Parents: of the many things I’ve learned from living with ADHD, perhaps the most important is that situationally some forms of communication work better than others.
Emotions can get hot very quickly, and what seemed like a ordinary conversation becomes a blood bath. When I was a kid, I heard this all the time: “Grace, if your tone is too harsh or too loud, or if you are too angry, we can’t hear understand what you’re saying.”
When I got so mad during a conversation, my message got lost and my parents only focused on my exhibited emotion, not what I was trying to communicate. Nothing good comes from this.
Fights with my parents would leave everyone feeling in ruins with absolutely nothing accomplished. When I argued, I wouldn’t think logically. I would get nowhere. I would cry and scream in my room, but would eventually become calm.
Often, I noticed a note slip under my doorway from my Dad. It said, “Can we talk again?”
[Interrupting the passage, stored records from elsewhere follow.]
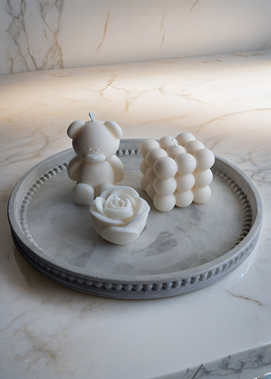 Rankų darbo padėkliukas iš gipso, pavirčius lakuotas, todėl nebijo vandens.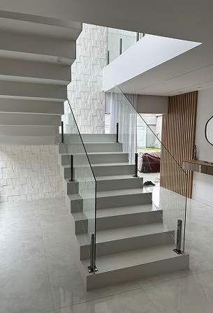 As escadas em porcelanato unem beleza, praticidade e resistência.
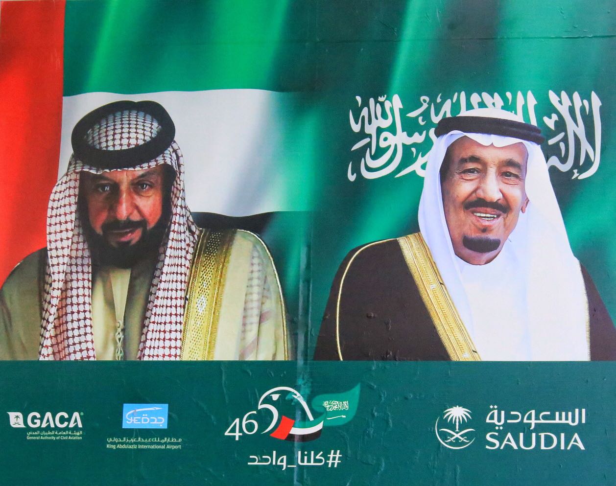 احتفت الخطوط السعودية اليوم بمناسبة اليوم الوطني لدولة الإمارات العربية المتحدة، في الأجواء وفي صالات المغادرة والوصول في العديد من مطارات المملكة، فيما اكتسى المقر الرئيسي للمؤسسة العامة للخطوط الجوية العربية السعودية بمحافظة جدة حلة زاهية بهذه المناسبة وتزين بصور القيادة في البلدين، بالإضافة إلى علمي البلدين مع عبارة تهنئة لدولة الإمارات حكومة وشعبًا بمناسبة اليوم الوطني السادس والأربعين.

The smallest note changed the way I thought about talking – about communication in general. Yelling face-to-face wasn’t working. A small note, direct yet kept at a distance…worked. I started writing short notes to my parents, and that worked too!
I use this learning in my personal life on a daily basis. I recommend you do too.
Here is my advice: read the room. It’s important to take space and think what best method of communication fits the situation. Is it a note, call vs. text, email, or even a polite knock on the door. How you choose can make or break an important conversation – and can make or break your most important relationships. Equally important: figuring out the best time to talk.
Parents – if you or your kid appear frustrated or on edge, maybe talking about homework, deadlines, schedules and obligations isn’t the best idea. Naturally, you want to have the best interaction with your kid possible. So, think about how you communicate, and try different communications styles until you find those that will set you and your ADDYTeen up for success.